The original article is here.

In the machine learning field, there is plenty of public dataset for model training. Usually, such a dataset is provided as a zip archive file, so we can just download it, unarchive it with our good old friend unzip:

$ unzip /home/data/large_dataset.zip

But if you are working in Jupyter notebook, simple unzip command might hurt your screen with too much output and you’ll soon notice the performance of frontend UI is decreasing as the output increasing.

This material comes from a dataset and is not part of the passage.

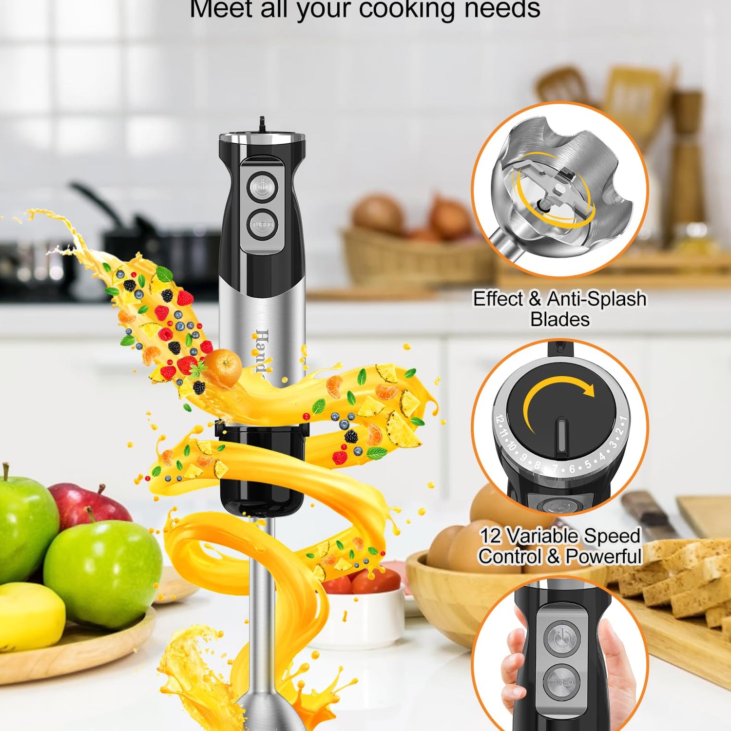 • 【12-Speed Adjustable】Professional 12-speed variable speed hand blenders, you can easily adjust the speed and power according to different foods. The TURBO button instantly reaches maximum power for better results.
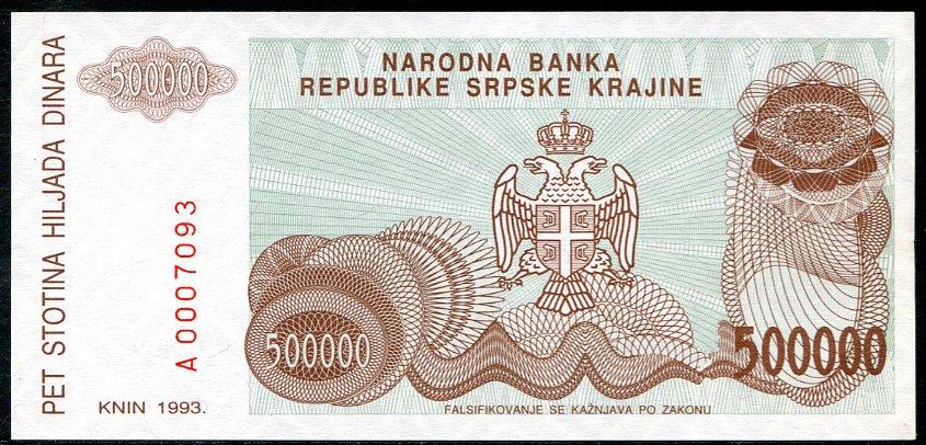 ![]() P.R23a 500,000 Dinara Knin 1993 DC |

!unzip /home/data/large_dataset.zip -d /home/data/
Archive:  /home/data/large_dataset.zip
  inflating: /home/data/large_dataset/1/1900_753325_0060.png  
  inflating: /home/data/large_dataset/1/1900_754949_0023.png  
  inflating: /home/data/large_dataset/1/1900_758495_0075.png  
  inflating: /home/data/large_dataset/1/1900_761460_0029.png  
  inflating: /home/data/large_dataset/1/1900_766994_0030.png  
  inflating: /home/data/large_dataset/1/1900_776319_0015.png  
  ...
  (More 80K lines)

So people often shut it up with output redirecting:

!unzip /home/data/large_dataset.zip -d /home/data/ > /dev/null

or short -q option:

!unzip -q /home/data/large_dataset.zip -d /home/data/

Got it! The unzip command now silently unarchive files, no performance penalty, everything alright, just waiting … (few minutes passed); How soon can I expect unzip to finish?

pv command is rescue!

To prevent unzip command from making us anxious or sleepy, we want to see a progress bar which periodically reports an indication while unarchive. The pv command solves this problem, it can display a progress bar from any command’s output. As tried some times, finally I got an expected result:

n_files = !unzip -l /home/data/large_dataset.zip | grep .png | wc -l
!unzip -o /home/data/large_dataset.zip -d /home/data/ | pv -l -s {n_files[0]} > /dev/null
...
80.1k 0:00:09 [8.54k/s] [====================================>] 100%

Nice! Very helpful. What’s going on here is:

  1. Run unzip -l to take the number of files to process. We have to filter lines with grep and count lines by wc -l because unzip -l output includes directories.
  2. Pipe the output of unzip and pass the number of files to -s (size) option to show meaningful indicator.

That’s all! It’s about time to return to my notebook and try some experiments 😋